Uganda is a country on the move. Following the trauma of the Idi Amin period, political stability and economic policies aligned with international trade have generated economic development and social change – but are plans for attracting inward investment ignoring the economic realities facing Uganda’s people?
The government of Uganda has a number of ambitious ten and five year plans to achieve prosperity by 2040 and lower-middle income status as soon as 2017 – even though this means doubling average national incomes within two years.
As part of these enterprising plans, government has been attracting inward investment as well as promoting local enterprise.
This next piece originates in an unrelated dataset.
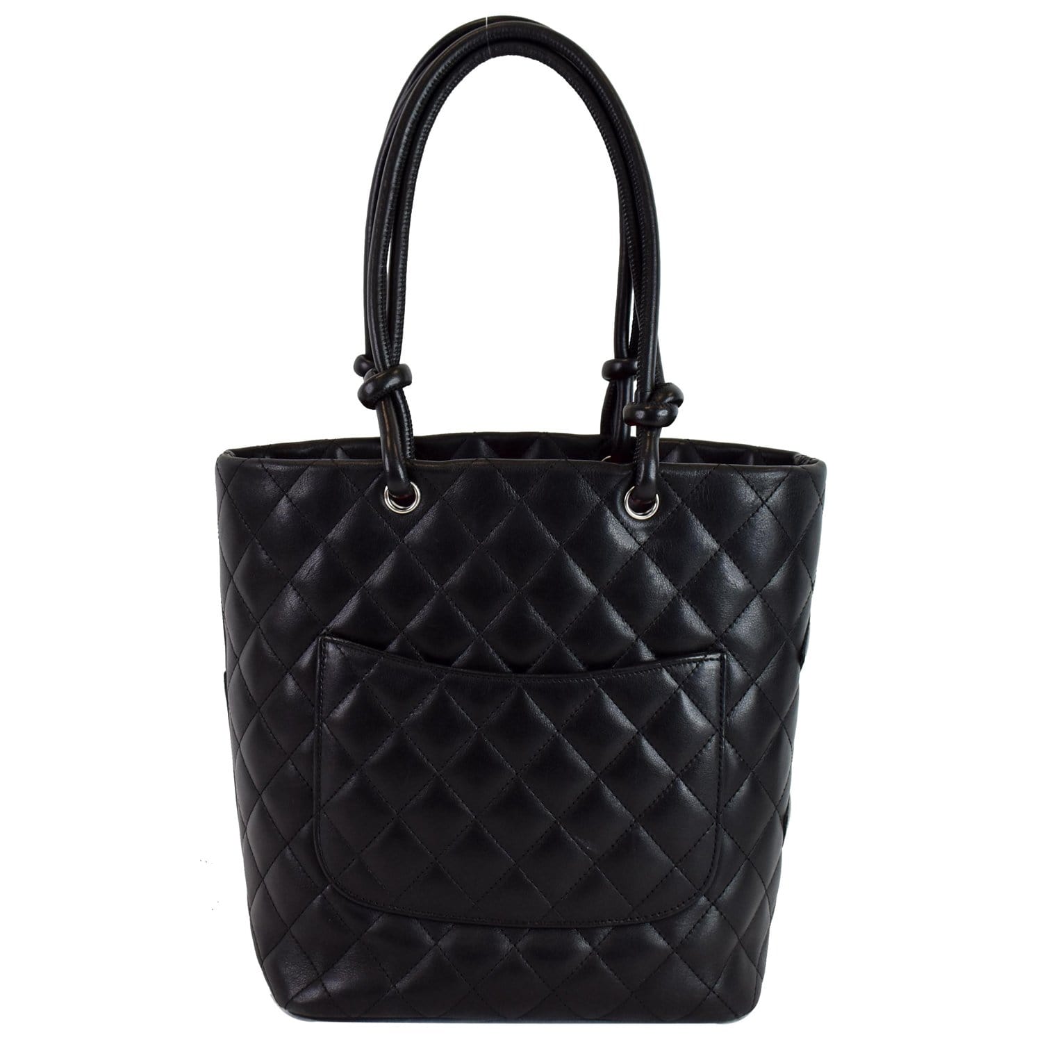 Cambon Ligne Quilted Calfskin Leather Tote Bag Black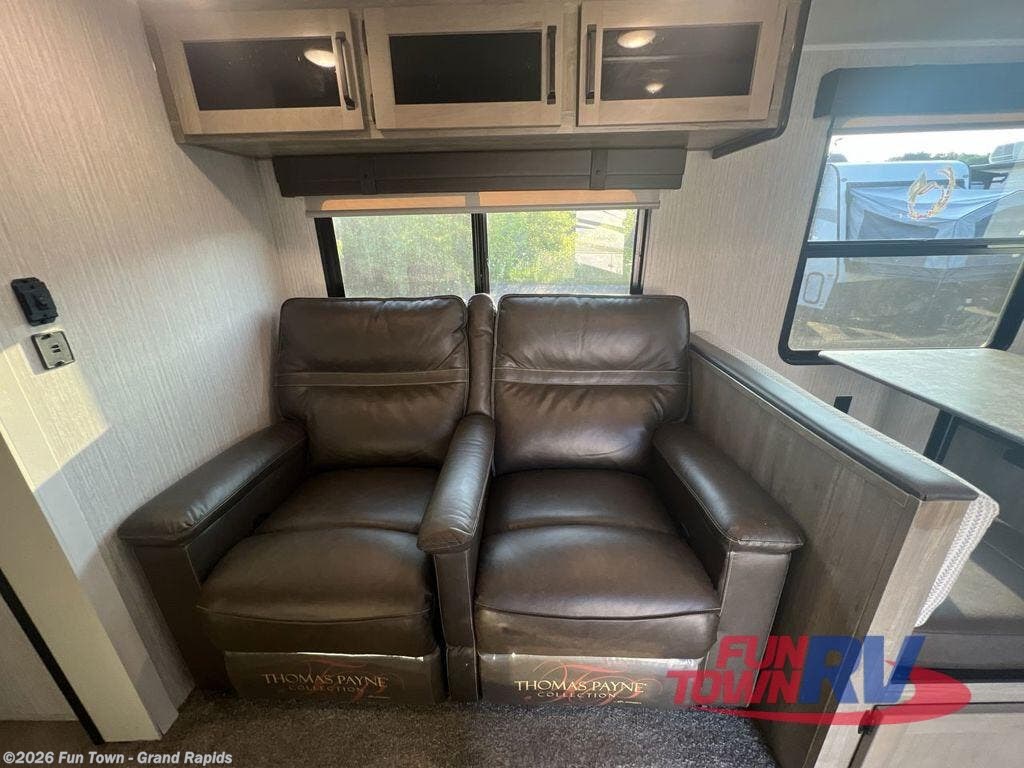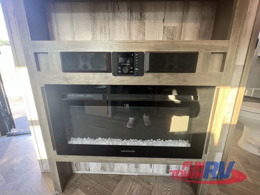 Walk into this travel trailer with one of the dual entry doors for a great camping trip! One entrance enters directly into the rear private bedroom which has a queen bed slide, a walk-in closet that is prepped for an optional washer and dryer, a wardrobe, and even an entrance into the dual entry bathroom. Grab a snack from the walk-in pantry then relax on the sofa while you watch a movie with the entertainment center or play a game at the booth dinette. The front kitchen has everything you will need to prepare your best home cooked meals including lots of countertop space, and you could even add an optional exterior micro kitchen with griddle for dinner outdoors!

However, as with so many countries, good intentions can easily unravel unless based on economic realities.
This entails acquiring a detailed awareness of the interests of investors and how government can capture a reasonable proportion of the surplus generated to both recover the costs of public investment and to finance much needed improvements in the provision of housing, education and health services for those in need.
It cannot be assumed that merely by providing sites, industrialists will want to build factories, employ local people and boost economic growth. Many investors seek tax and other concessions, as well as long term tenure security and the subsidised provision of good transport and services, all of which require the expenditure of large sums of public money on a speculative basis.
As in so many countries in Africa, and even Europe, the government of Uganda lacks adequate expertise in assessing the nature and extent of demand for inward investment. Government agencies appear to assume that merely by providing serviced sites, investors will arrive and plans will be realised. However, as the example of the Kampala Industrial and Business Park at Namanve, on the edge of Kampala has shown, such projects are likely to fail unless based on sound assessments of the potential demand and relevant costs and benefits.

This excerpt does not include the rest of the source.